4. The defendant appeals the denial of his motion in limine to exclude the testimony of police officer, Greg McMichael, on the ground that it was hearsay. A doctor who treated the victim testified that he summoned McMichael to the victim's bedside when it became apparent she was attempting to communicate something. As stated above, the attack left the victim unable to speak. At the hearing on the motion in limine, McMichael testified he asked the victim who had attacked her and read her lips to say the name, "Bob." He then sounded out the name, "Bob" and asked the victim if this was correct.
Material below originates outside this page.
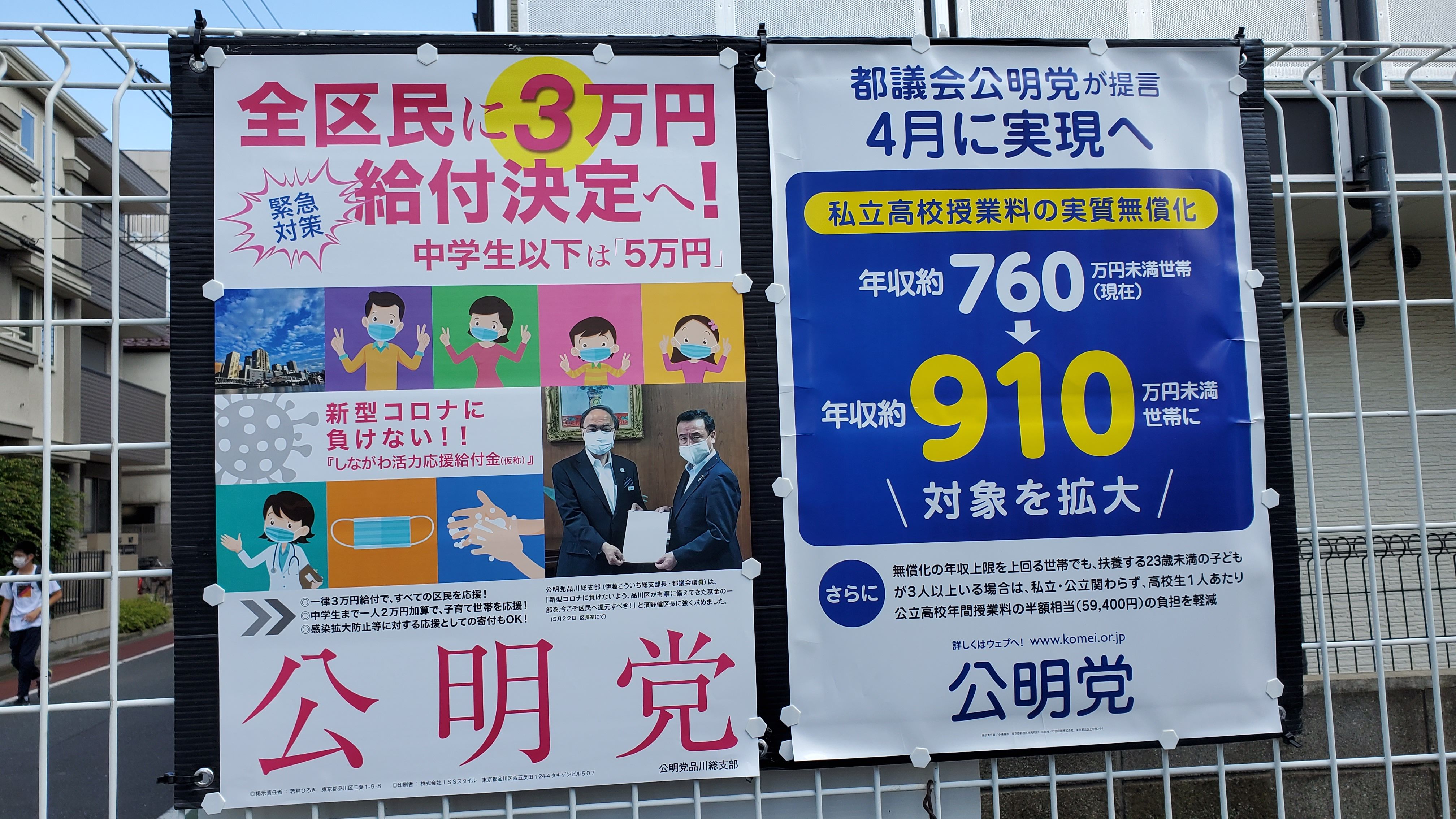 公明党は高校の授業料も軽減を提言……品川区いいな~ 財政に余裕があるのかしら?  そうそう、特別定額給付金が振り込まれたみたいです。後で通帳の記帳してみましょう。
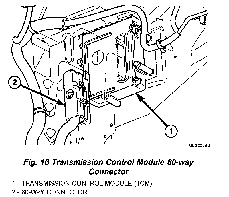 5. Disconnect TCM 60-way connector (Fig. 16).

She nodded her head affirmatively. When asked the last name of her assailant, the victim mouthed a word McMichael could not understand. He then asked the victim if the name began with an "A." She shook her head negatively. McMichael proceeded in this manner down the alphabet until he asked about the letter, "N." The victim "nodded her head vigorously" and squeezed his hand. By this procedure McMichael was able to elicit affirmative shakes of the head from the victim to the letters, "N E W L A." McMichael then asked the victim if the last name was "Newland." The victim "nodded her head again very vigorously," and squeezed McMichael's hand.
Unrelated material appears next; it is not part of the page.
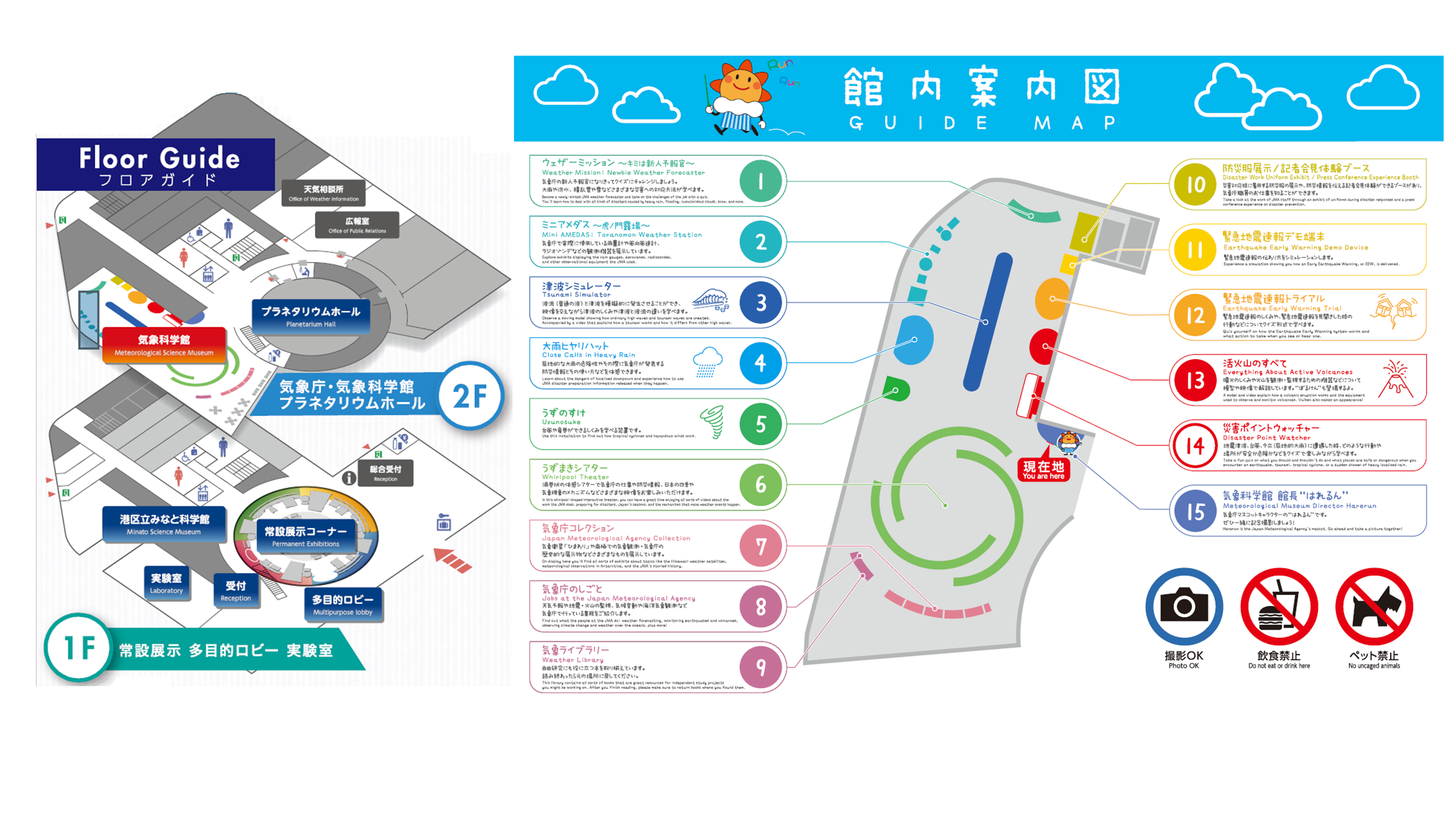 気象科学館では、気象庁の仕事をいくつかのテーマに分け、それらに関連したコンテンツを展示しています。

The state urged the admissibility of this testimony under both the dying declaration exception and the res gestae exception to the hearsay rule. The trial court ruled that the testimony could not be admitted under the dying declaration exception because the victim was not aware she was in the article of death. However, the trial court concluded that the testimony was admissible under the res gestae exception.
We find it unnecessary to determine whether the res gestae exception controls the admissibility of this evidence because we find that even if there was error in admitting McMichael's testimony, it was harmless. The testimony was admitted for the purpose of identifying the defendant as the victim's assailant. Other evidence in the case, including the defendant's confession which is not challenged in any regard, overwhelmingly establishes the identity of the defendant as the victim's assailant.
5. The jury found that the offense of murder was committed while the defendant was engaged in the commission of the offense of aggravated battery. OCGA 17-10-30
(b) (2). The jury also found that the offense of murder was outrageously and wantonly vile, horrible and inhuman in that it involved torture and an aggravated battery to the victim, and depravity of mind of the defendant. OCGA 17-10-30
(b)(7). We find that the evidence supports the jury's findings in regard to the aggravating circumstances beyond a reasonable doubt. See Hicks v. State, 256 Ga. 715 (25) (352 SE2d 762) (1987)
6. We do not find that the sentence of death was imposed in this case under the impermissible influence of passion, prejudice or other arbitrary factor. OCGA 17-10-35
7. The sentence of death is not excessive or disproportionate punishment to sentences imposed in similar cases generally. OCGA 17-10-35
(c). The similar cases listed in the Appendix support the imposition of the death penalty in this case.